What to work on: Nothing but the lines below from the one containing "为保护八路军而献身的8岁孩子" through the one containing "圖 2 是 IGBT 逆變焊機的輸入相電流、電壓波形。由圖" should appear in the answer, exact and without pictures.
======== Information shown
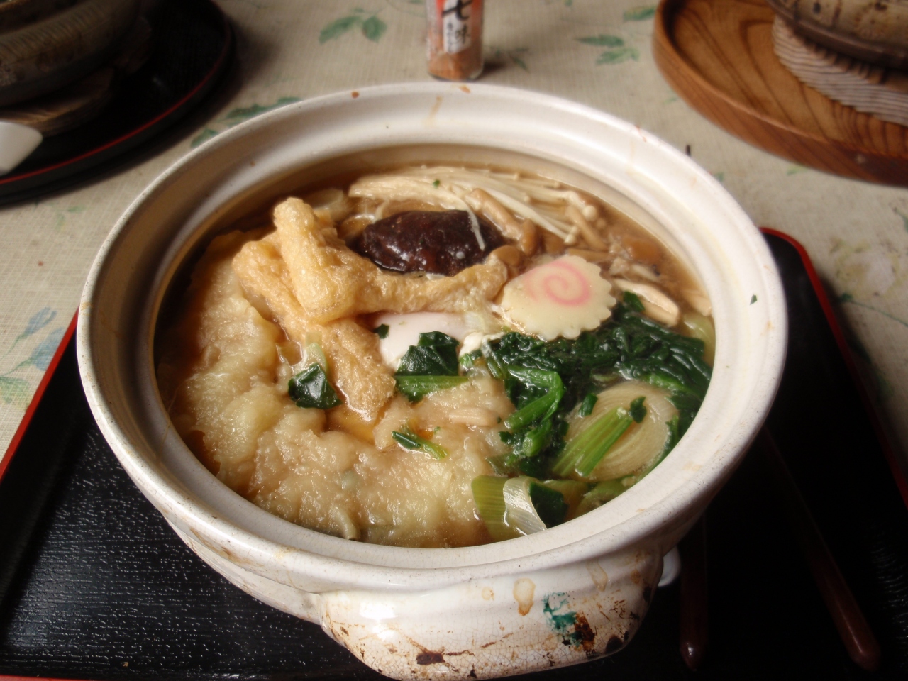 山頂の山小屋の鍋焼きうどんが有名らしく、登山客が並んで食べていました。
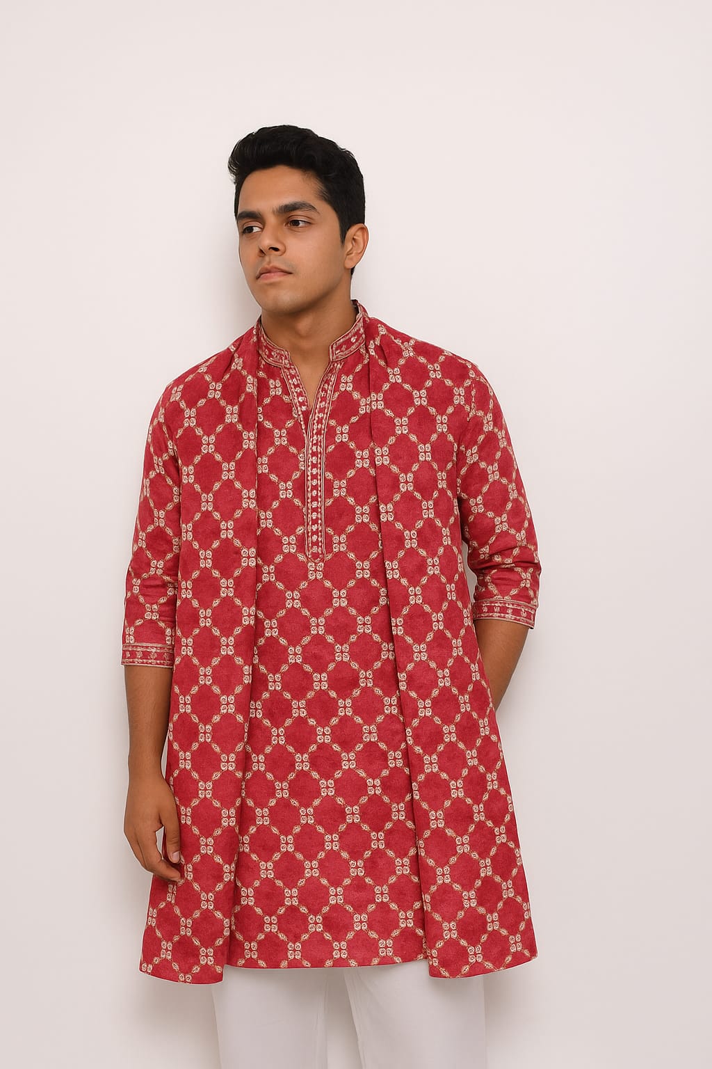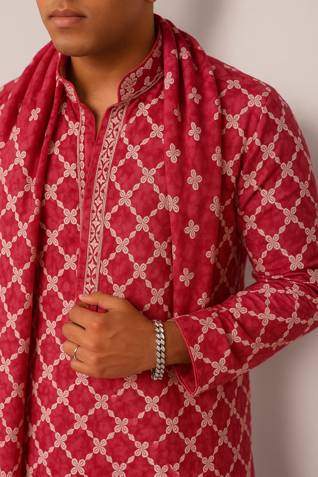 Refresh your festive style with this Men's Pink Rayon Kurta Set, designed with an eye-catching tie-and-dye effect that adds a modern twist to traditional attire. Crafted from soft rayon fabric, the kurta is enhanced with elegant sequins and mirror work embroidery, bringing subtle shimmer and sophistication. Featuring a mandarin collar, full sleeves, knee-length silhouette, and side slits, it offers a perfect blend of comfort and refinement. Complete with matching bottoms (parallel or pajama) and a coordinating dupatta, this ensemble is ideal for festive gatherings, weddings, and cultural celebrations.
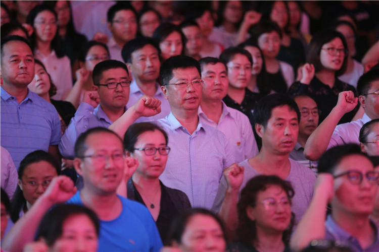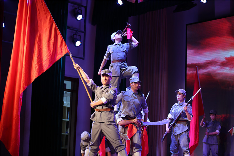 为保护八路军而献身的8岁孩子,为革命牺牲了两位子弟兵的老妈妈,23岁便献出宝贵生命猛虎斗士任常伦,一幕幕深情的演出让观众动容落泪,一个个胶东红色故事让全场师生热血满腔,在演员的带领下,全场党员起立重温入党誓词,把整个演出推向了高潮。“从小爷爷对我说,吃水不忘挖井人,曾经苦难才明白,没有共产党哪有新中国。从小老师教我唱,唱支山歌给党听,几经风雨更懂得,跟着共产党才有新中国……”在观众熟悉的悠扬歌声中,由全体歌舞演员共同参演的大歌舞《灿烂阳光》最后一个登场。闪耀着金光的铁锤镰刀,代表着民族的希望,演员们的深情表演,现场掌声经久不息。
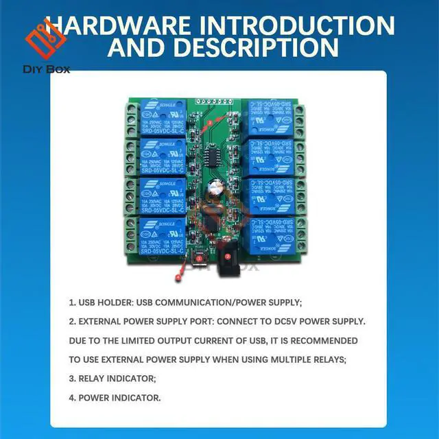 8. The module has overcurrent protection and relay diode wheeling protection functions.
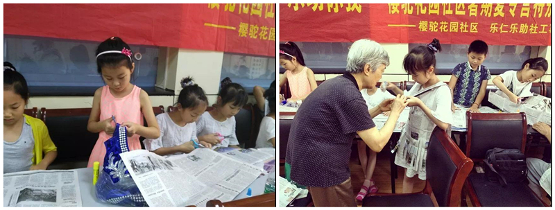 哈哈,让我做衣服真的做不出来,好难呀。然后老师带着我们做衣服,我们的爷爷奶奶也跟着一起做,有种总动员的感觉呢!看我们做衣服的样子多专注
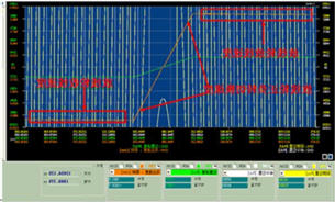 根據(jù)PID算法模型,高速運行時,收線放線伺服輸出偏差正負5轉(zhuǎn)以及張力擺動扭矩正負1牛。同時監(jiān)視主軸、張力、放線伺服的波形如下圖。其中,主軸波形圖如圖9所示。
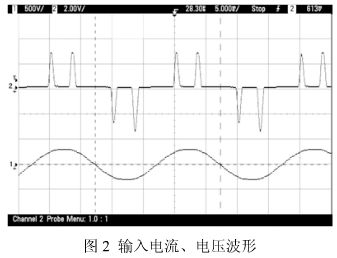 圖 2 是 IGBT 逆變焊機的輸入相電流、電壓波形。由圖 2 可見,輸入電流已不再是正弦波,而是一種前后沿都比較陡峭的脈沖,由整流、濾波引起的電流波形畸變是 IGBT 逆變焊機的共性問題?;兊碾娏鳌㈦妷焊叽沃C波會沿電源電纜、供電網絡產生傳導騷擾和輻射騷擾,由于頻率相對較低,其輻射水平并不會很高。
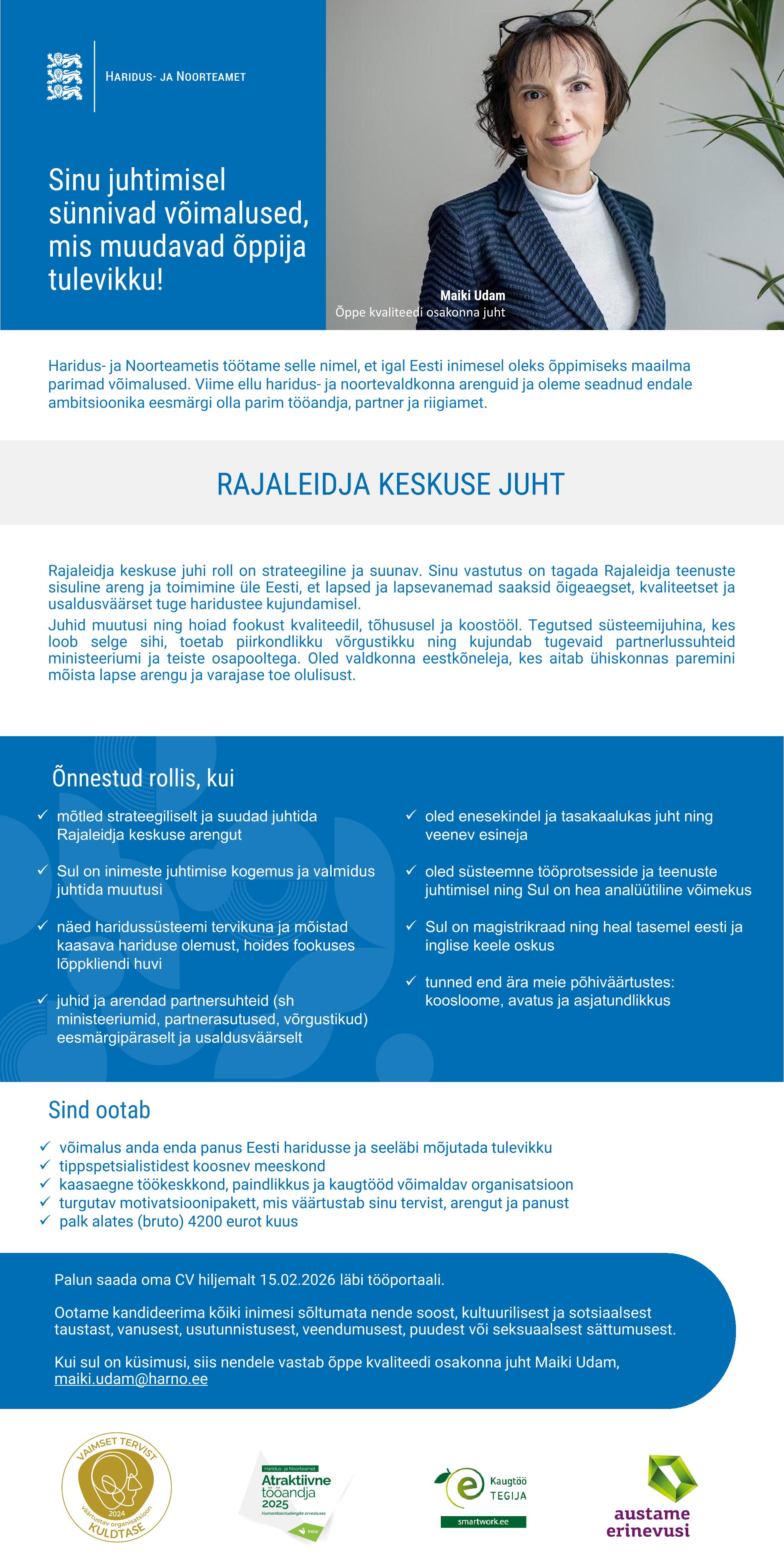 Haridus- ja Noorteametis töötame selle nimel, et igal Eesti inimesel oleks õppimiseks maailma parimad võimalused. Viime ellu haridus- ja noortevaldkonna arenguid ja oleme seadnud endale ambitsioonika eesmärgi olla parim tööandja, koostööpartner ja riigiamet.
================
Exercise output:
 为保护八路军而献身的8岁孩子,为革命牺牲了两位子弟兵的老妈妈,23岁便献出宝贵生命猛虎斗士任常伦,一幕幕深情的演出让观众动容落泪,一个个胶东红色故事让全场师生热血满腔,在演员的带领下,全场党员起立重温入党誓词,把整个演出推向了高潮。“从小爷爷对我说,吃水不忘挖井人,曾经苦难才明白,没有共产党哪有新中国。从小老师教我唱,唱支山歌给党听,几经风雨更懂得,跟着共产党才有新中国……”在观众熟悉的悠扬歌声中,由全体歌舞演员共同参演的大歌舞《灿烂阳光》最后一个登场。闪耀着金光的铁锤镰刀,代表着民族的希望,演员们的深情表演,现场掌声经久不息。
 8. The module has overcurrent protection and relay diode wheeling protection functions.
 哈哈,让我做衣服真的做不出来,好难呀。然后老师带着我们做衣服,我们的爷爷奶奶也跟着一起做,有种总动员的感觉呢!看我们做衣服的样子多专注
 根據(jù)PID算法模型,高速運行時,收線放線伺服輸出偏差正負5轉(zhuǎn)以及張力擺動扭矩正負1牛。同時監(jiān)視主軸、張力、放線伺服的波形如下圖。其中,主軸波形圖如圖9所示。
 圖 2 是 IGBT 逆變焊機的輸入相電流、電壓波形。由圖 2 可見,輸入電流已不再是正弦波,而是一種前后沿都比較陡峭的脈沖,由整流、濾波引起的電流波形畸變是 IGBT 逆變焊機的共性問題?;兊碾娏鳌㈦妷焊叽沃C波會沿電源電纜、供電網絡產生傳導騷擾和輻射騷擾,由于頻率相對較低,其輻射水平并不會很高。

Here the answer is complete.